Respiratory research

Links between past COVID-19 infection and lung health over time in people with HIV

Updated

Abstract

Among 778 participants, 66% were people with HIV (PWH) who had evidence of SARS-CoV-2 infection.

  • Men with HIV experienced a mean annualized decline in forced expiratory volume (FEV) of -44.3 mL/year, while men without HIV had a decline of -33.8 mL/year.
  • Women with HIV showed a mean annualized FEV decline of -19.8 mL/year compared to -14.8 mL/year in women without HIV.
  • No consistent differences in changes in forced vital capacity (FVC) and diffusing capacity for carbon monoxide (DLCO) were found between those with and without HIV.
  • There were no significant differences in respiratory symptom changes between individuals with HIV and those without.
  • The findings suggest that HIV serostatus may not be associated with increased risk of pulmonary impairments following SARS-CoV-2 infection.

Simplified

Key numbers

-44.3 mL/year
Annualized FEV Decline in Men
Compared to -33.8 mL/year in men without HIV.
-19.8 mL/year
Annualized FEV Decline in Women
Compared to -14.8 mL/year in women without HIV.

Full Text

What this is

  • This research examines the long-term pulmonary outcomes of people with HIV (PWH) after SARS-CoV-2 infection.
  • It compares these outcomes with those of people without HIV (PWoH) who also had SARS-CoV-2 infection.
  • The study analyzes changes in pulmonary function and respiratory symptoms over time.

Essence

  • HIV serostatus did not correlate with greater declines in pulmonary function or worsening respiratory symptoms after SARS-CoV-2 infection.

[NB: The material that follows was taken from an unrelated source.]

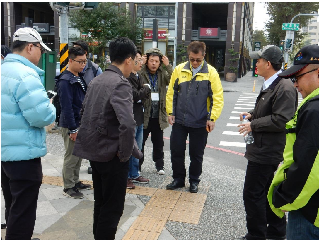
現場觀摩-高雄市凹子底公園警示帶

Both PWH and PWoH experienced similar outcomes.

Key takeaways

  • Men with HIV (MWH) experienced an annualized decline in forced expiratory volume (FEV) of -44.3 mL/year, compared to -33.8 mL/year in men without HIV (MWoH). The mean difference was -10.5 mL/year.
  • Women with HIV (WWH) had an annualized FEV decline of -19.8 mL/year, while women without HIV (WWoH) had a decline of -14.8 mL/year, with a mean difference of -5.0 mL/year.
  • No significant differences in respiratory symptom changes were observed between PWH and PWoH, suggesting HIV alone may not increase the risk of pulmonary impairments post-SARS-CoV-2 infection.

Caveats

  • The timing of pulmonary function tests varied, which may affect the assessment of SARS-CoV-2 infection impacts. The study also lacked data on pneumonia severity and treatment, which could influence outcomes.
  • The cohort primarily consisted of individuals with well-controlled HIV, limiting the generalizability of findings to populations with uncontrolled HIV.